Advisors should also review each supervised person’s compensation structure and disclose any conflicts of interest these structures create, she said.

Advisors also need to include in their summaries whether their financial professionals are compensated based on the amount of client assets they service, the time and complexity required to meet a client’s needs, the products sold, product sales commissions, or revenue the firm earns from the financial professional’s advisory services or recommendations.

Since there is supposed to be consistency between advisors’ Form ADV and Form CRS, firms should review them side-by-side to ensure there is consistency, Haugh said. This review should include disclosures of additional compensation that a supervised person receives for providing investment advisory services, including sales awards and other prizes, as well as bonuses based on the number of sales, client referrals, or new accounts. This additional compensation must be explained on Form CRS.

Advice that bears repeating: “Advisers should evaluate conflicts as perceived from a retail investor’s perspective, even if the firm believes the conflicts are mitigated,” Haugh said.

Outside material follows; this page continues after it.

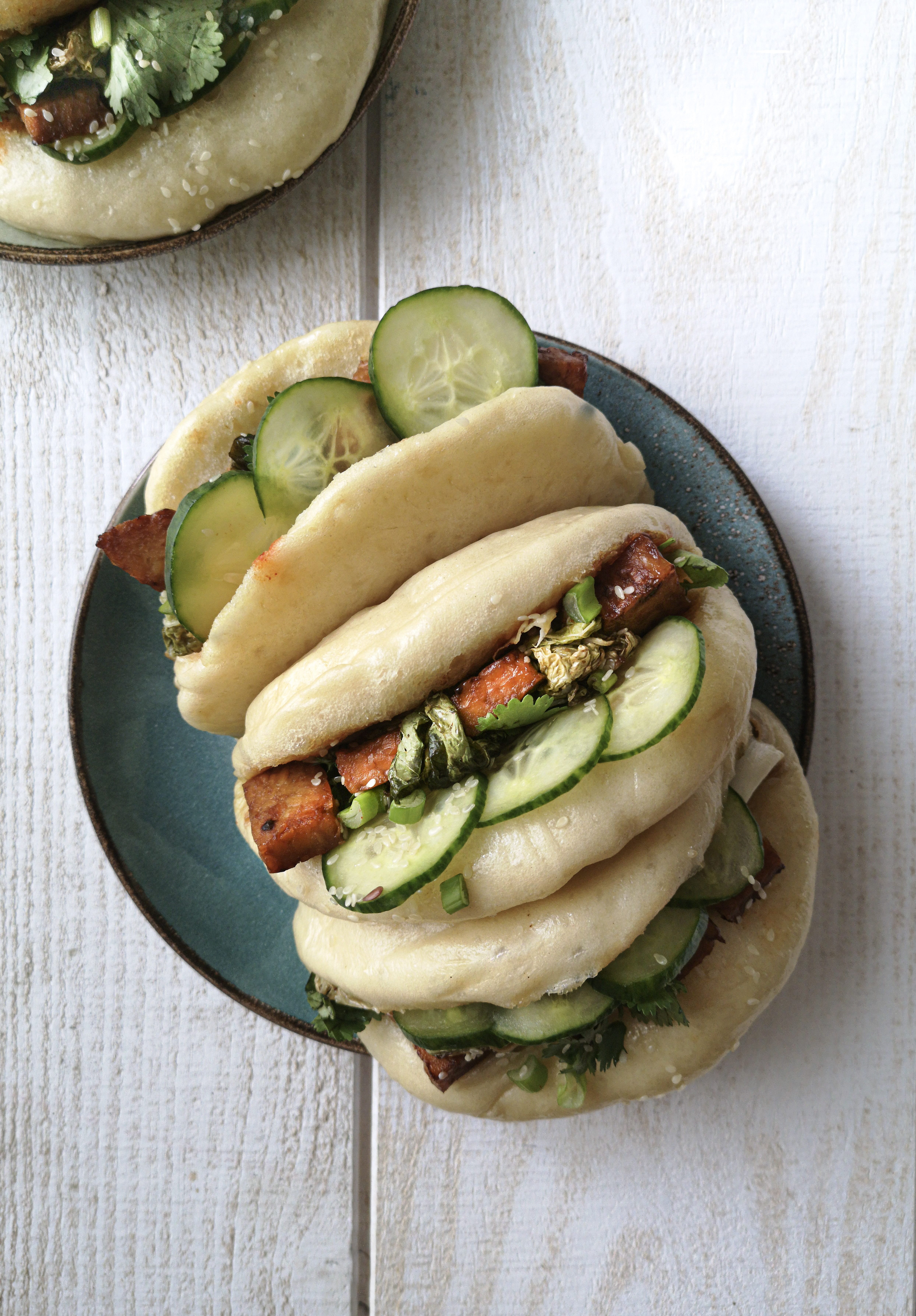 Il y a quelques semaines Maxime Bouttier, chef du restaurant Mensae à Paris, nous avait dévoilé la recette de son kimchi bien corsé. Aujourd’hui, je vous propose de l’intégrer dans une recette de gua bao pour un délicieux dîner aux saveurs asiatiques. J’ai décidé de l’associer avec du tempeh (un produit à base de graines de soja pelées et cuites) et à du chou chinois juste cuit au four.

For example, a firm may not consider asset-based fees to create conflicts of interest, particularly where neither the firm nor any of its associated persons earn any additional compensation. However, as the SEC pointed out in Form CRS instructions, asset-based fees can present a conflict because they incentivize firms to encourage clients to invest additional funds in their accounts.

“Importantly, language regarding how conflicts will be mitigated or minimized is not permitted in Form CRS since the purpose of the summary is to highlight for investors that conflicts of interest exist,” Haugh said.

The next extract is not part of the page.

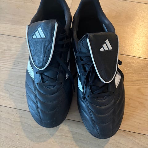 Adidas Copa Gloro fotballsko strl.42, svart med hvite detaljer. Skoene har overdel i syntetisk materiale med snøring og klassisk tungerem over lissene. Kunstgress eller grus.
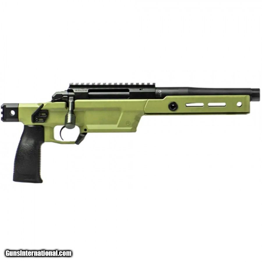 Description: Guns Listing ID: 585933 The SOLUS Short Action series is built on the Remington 700 Short Action footprint and features a 3-lug bolt head, dual ejectors and a 60-degree bolt throw with a \"cock on lift‚ bolt design. The receiver features a integral 20 MOA top rail for quick and easy optic mounting right out of the box. Each rifle carries a sub-MOA precision guarantee. This model comes in a pistol configuration and is chambered in .300 AAC Blackout with a two-tone black receiver finish and custom \"Bazooka Green\" chassis color pattern. The receiver assembly is installed on Aero Precision‚s SOLUS Competition Chassis. The chassis features a matching pistol configuration and comes with a rear Picatinny stock/brace mount that includes an integrated QD sling mount. The receiver has a 8.3-inch threaded barrel and comes with one 10-round Magpul AICS magazine. SOLD Manufacturer: AERO PRECISION Model: SOLUS SA Caliber Info: .300 AAC BLACKOUT Condition: new Barrels: 8.3" BARREL Action: BOLT ACTION Finish: two-tone Weight: 5.5 LBS |

To help retail investors compare and contrast working with different types of firms and zero in on firms’ potential conflicts, the SEC is also mandating standard “Conversation Starters.”

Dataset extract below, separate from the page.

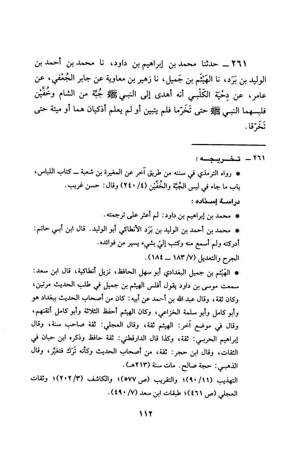 261 - حَدَّثَنَا مُحَمَّدُ بْنُ إِبْرَاهِيمَ بْنِ دَاوَدَ، نَا مُحَمَّدُ بْنُ أَحْمَدَ بْنِ الْوَلِيدِ بْنِ بُرْدٍ، نَا الْهَيْثَمُ بْنُ جَمِيلٍ، نَا زُهَيْرُ بْنُ مُعَاوِيَةَ، عَنْ جَابِرٍ الْجُعْفِيِّ، عَنْ عَامِرٍ، عَنْ دِحْيَةَ الْكَلْبِيِّ، أَنَّهُ §أُهْدِيَ إِلَى النَّبِيِّ صَلَّى اللهُ عَلَيْهِ وَسَلَّمَ جُبَّةٌ مِنَ الشَّامِ وَخُفَّيْنِ، فَلَبِسَهُمَا النَّبِيُّ صَلَّى اللهُ عَلَيْهِ وَسَلَّمَ حَتَّى تَخَرَّقَا، فَلَمْ يَتَبَيَّنْ، أَوْ لَمْ يَعْلَمْ أَذَكِيَّانِ هُمَا أَوْ مَيْتَةٌ؟ حَتَّى تَخَرَّقَا

The questions that clients are encouraged to ask their financial advisor are:

  1. Given my financial situation, why should I choose an advisory account? Why should I choose a brokerage account?
  2. Do the math for me. How much would I pay per year for an advisory account? How much for a typical brokerage account? What would make those fees more or less? What services will I receive for those fees?
  3. What additional costs should I expect in connection with my account?
  4. Tell me how you and your firm make money in connection with my account. Do you or your firm receive any payments from anyone besides me in connection with my investments?
  5. What are the most common conflicts of interest in your advisory and brokerage accounts? Explain how you will address those conflicts when providing services to my account.
  6. How will you choose investments to recommend for my account?
  7. How often will you monitor my account’s performance and offer investment advice?
  8. Do you or your firm have a disciplinary history? For what type of conduct?
  9. What is your relevant experience, including your licenses, education and other qualifications? Please explain what the abbreviations in your licenses are and what they mean.
  10. Who is the primary contact person for my account, and is he or she a representative of an investment adviser or a broker-dealer? What can you tell me about his or her legal obligations to me? If I have concerns about how this person is treating me, who can I talk to?

How firms and advisors answer the questions will no doubt be carefully examined by SEC and Finra regulators.